Zusammenfassend konnten Grundlagenforschungen unter dem Aspekt der Mikrofrakturierung bisher zeigen, dass durch den Einsatz von PRP/PRF eine Modulation der subchondralen Entzündungsreaktion mit Migration und chondrogener Differenzierung von mesenchymalen Progenitorzellen beobachtet werden konnte [50]. Wong et al. konnten hierzu mit Hinblick auf die minced-cartilage-Defektversorgung sowohl eine signifikante Zellmigration und Auswanderung von Zellen aus Knorpelfragmenten (minced-cartilage) als auch eine Steigerung der Zellviabilität und Glucosaminexpression der kultivierten Zellen aus Knorpelfragmenten beobachten [51]. Auch von Wang et al. konnten durch den Einsatz von PRP eine verbesserte Stimulation der mitotischen Aktivität sowie der Knorpelmatrixbildung von chondrogenen Progenitorzellen gegenüber mesenchymalen Stromazellen nachgewiesen werden [52]. Ergänzend hierzu konnte Jeyakumar in seiner Studie eine verstärkte Glucosamin- als auch Genexpression anaboler Marker unter dem Einfluss von PRP nachweisen [53].

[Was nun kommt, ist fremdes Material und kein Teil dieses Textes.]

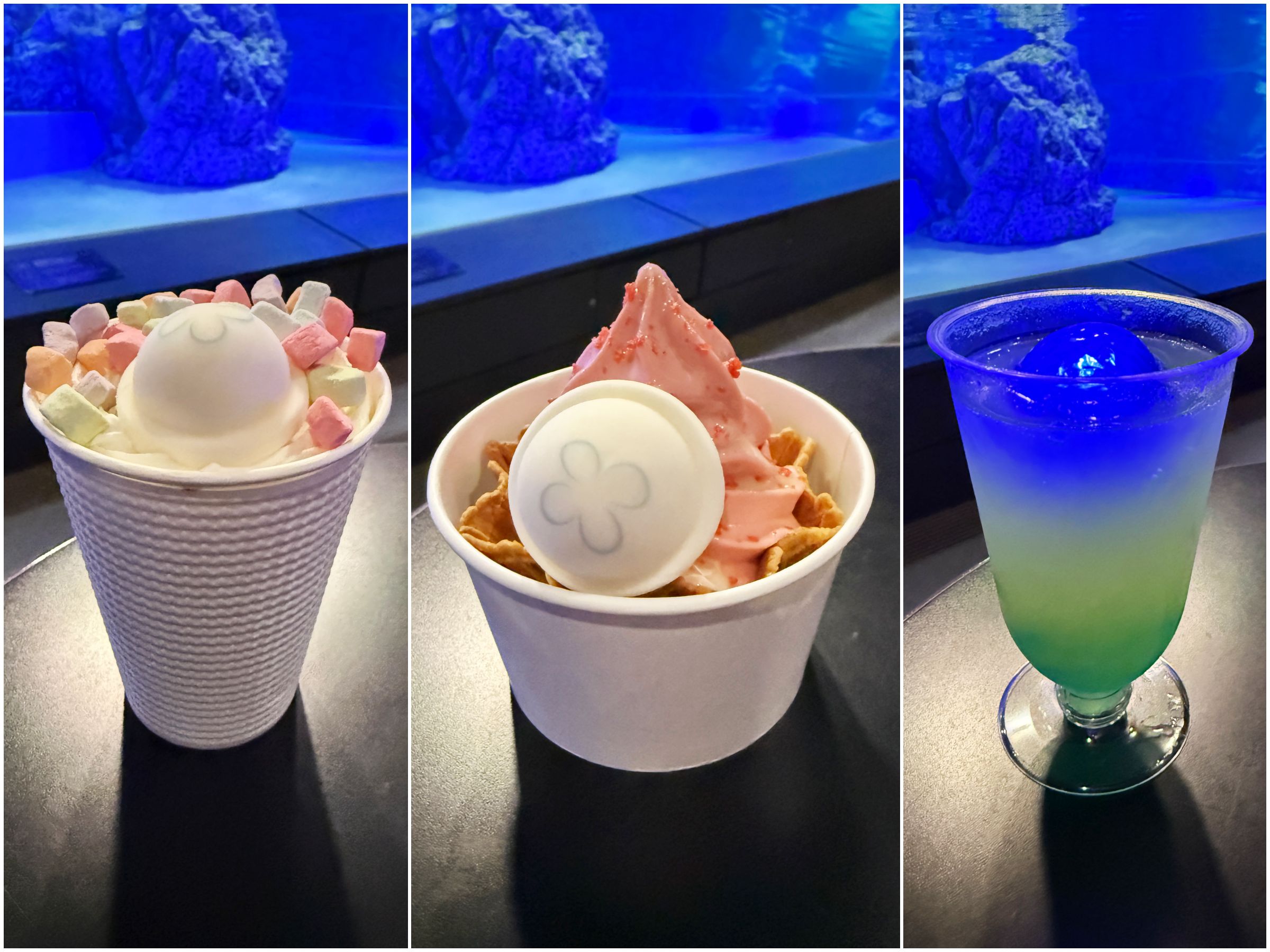 ドリンクはいずれも、アルコール入りもあるのがすごい。可愛さと大人の楽しみ、どっちも叶えてくれちゃいます。個人的イチオシは「ゆらめくクラゲバニララテ」。クラゲマシュマロにカラフルな乾燥マシュマロ、甘〜いラテでしあわせいっぱいのおいしさでした♡

Weiterhin haben PRP-augmentierte Matrices im Zusammenhang mit Knochenmarkstimulation bisher gute Daten aus Tierstudien und einigen humanen klinischen Studien (Level II und IV) zeigen können. Aktuell besteht nach Studienlage aber kein eindeutiger wissenschaftlicher, evidenzbasierter Nachweis der Ergebnisverbesserung durch Verwendung von PRP-augmentierten Matrices gegenüber Matrices ohne PRP.